Different cultures got different traditions and rituals for death.
Recently, I came across some of the traditions followed in our community that made me do
My Ammi went to condole a relative’s death and was telling my chachi that the dead person’s (a young boy of 22) grandmother asked a man (who just came home after burial) that where they buried the boy? Means the location of his grave? When he told her that between his Dada and phuppi’s grave, she immediately asked ke Dada and phuppi k naam ka fateha dilwao, because they are going to invite the boy and host his dinner.
To be honest I couldn’t resist saying my Ammi: Kia murdon main bhi one-dish party hoti hai?
Have you come across such traditions about dead and their fateha and eesal o sawaab?
during my last visit to India, i went to this very backward village, where i couldn't find any highly educated person, and i observed something similar. the family of the deceased left do waqt kaa khaanaa by the dead man's grave. i asked why? they replied by saying...he is on his journey, so he needs some food for the way [zaad-e-raah]...OMG! kaise kaise ai'taqaad janam lete haiN un dimaaGhoN meN jis men ta'leem kii kamii hotii hai...i mean deen ke 'ilm kaa foqdaan!
There is also this popular tradition religiously followed in many communities to get Sura e Mulk (Tabarakal zee) recited from students of a madarsa for forty days and offer only sweet food (sherbat, halwa) for fateha. This is done due to the believe that the death angel give some bitter drink to the dead while taking his / her soul and due to this drink’s effect the dead person’s mouth remain bitter for forty days, which can be sweeten through forty days meetha plan
Matlab ghareeb ka munh to roz e qayamat tak kaRwa rahe ga
during my last visit to India, i went to this very backward village, where i couldn't find any highly educated person, and i observed something similar. the family of the deceased left do waqt kaa khaanaa by the dead man's grave. i asked why? they replied by saying...he is on his journey, so he needs some food for the way [zaad-e-raah]...OMG! kaise kaise ai'taqaad janam lete haiN un dimaaGhoN meN jis men ta'leem kii kamii hotii hai...i mean deen ke 'ilm kaa foqdaan!
KKF Bhai, have you gone through Imam Raza Barelvi's Wasaya?
ok in our family, there is no such concept of daswan, teerwahn, or chaleeswan. we mourn till three days after the death of my father. I remember, our stove was turned off during that period and our relative brought all foods for us and for all the people who came for condolence.
Yes, we also did a quran khuwani at masjid but again no sweet or meethai was given to anyone. In the early days, we always went to graveyard on each Friday and do fateha khuwani at father's grave by reading surah Fatiha and all small surahas. I am still asking his duwa-e-maghfriat in each prayer.
ok in our family, there is no such concept of daswan, teerwahn, or chaleeswan. we mourn till three days after the death of my father. I remember, our stove was turned off during that period and our relative brought all foods for us and for all the people who came for condolence.
Yes, we also did a quran khuwani at masjid but again no sweet or meethai was given to anyone. In the early days, we always went to graveyard on each Friday and do fateha khuwani at father's grave by reading surah Fatiha and all small surahas. I am still asking his duwa-e-maghfriat in each prayer.
I think that 3 days meal is called 'KaRwi roti' may be due to grief relatives of the dead person are not in position to enjoy the food. I think this is a good tradition, but now I have observed that this is also affected by show-off. People try to give meals like (chicken, etc) and a poor relative who can afford daal roti can't send to the deceased family due to fear ke 'log kia kahenge?'
muqa bhai: we were in great pain, and we dont have time to focus on those thing, we just thankful to them for being nice to us. even if it was dal roti we would appreciate their effort.

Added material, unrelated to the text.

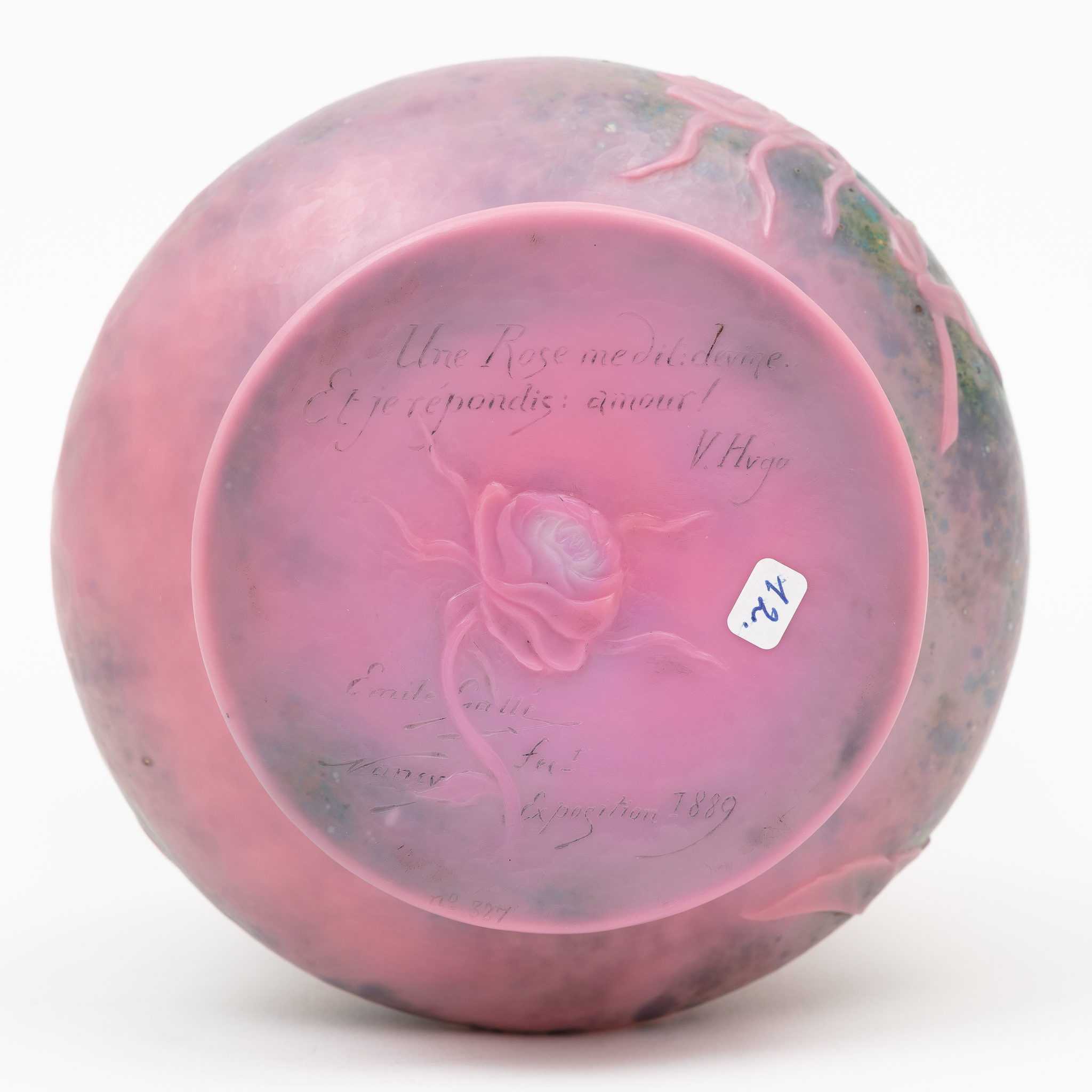 "'Une Rose me dit : devine... Et je répondis : Amour!' V. Hugo / Emile Gallé / Nancy / Exposition 1889 / n° 327"

muqa bhai: we were in great pain, and we dont have time to focus on those thing, we just thankful to them for being nice to us. even if it was dal roti we would appreciate their effort.
STA, I'm not talking about the deceased family. I'm talking about the other relatives who focus on these things.
Another tradition that is followed in many families in rural Sindh is called 'Saam'. When a person (male or female) dies, you have to send Busri (you can call it meetha paratha full of butter or desi ghee) to Madarsa.
The Busri on this occasion is required to be cooked by Bhabhi (SIL) if Dever (BIL) is died and by Bahoo (DIL) if Saas (MIL) is died. On first eve 5 busris are required to be sent, on next morning before Fajar 4 Busri and in evening 3 followed by 2 in next morning and last one in the evening.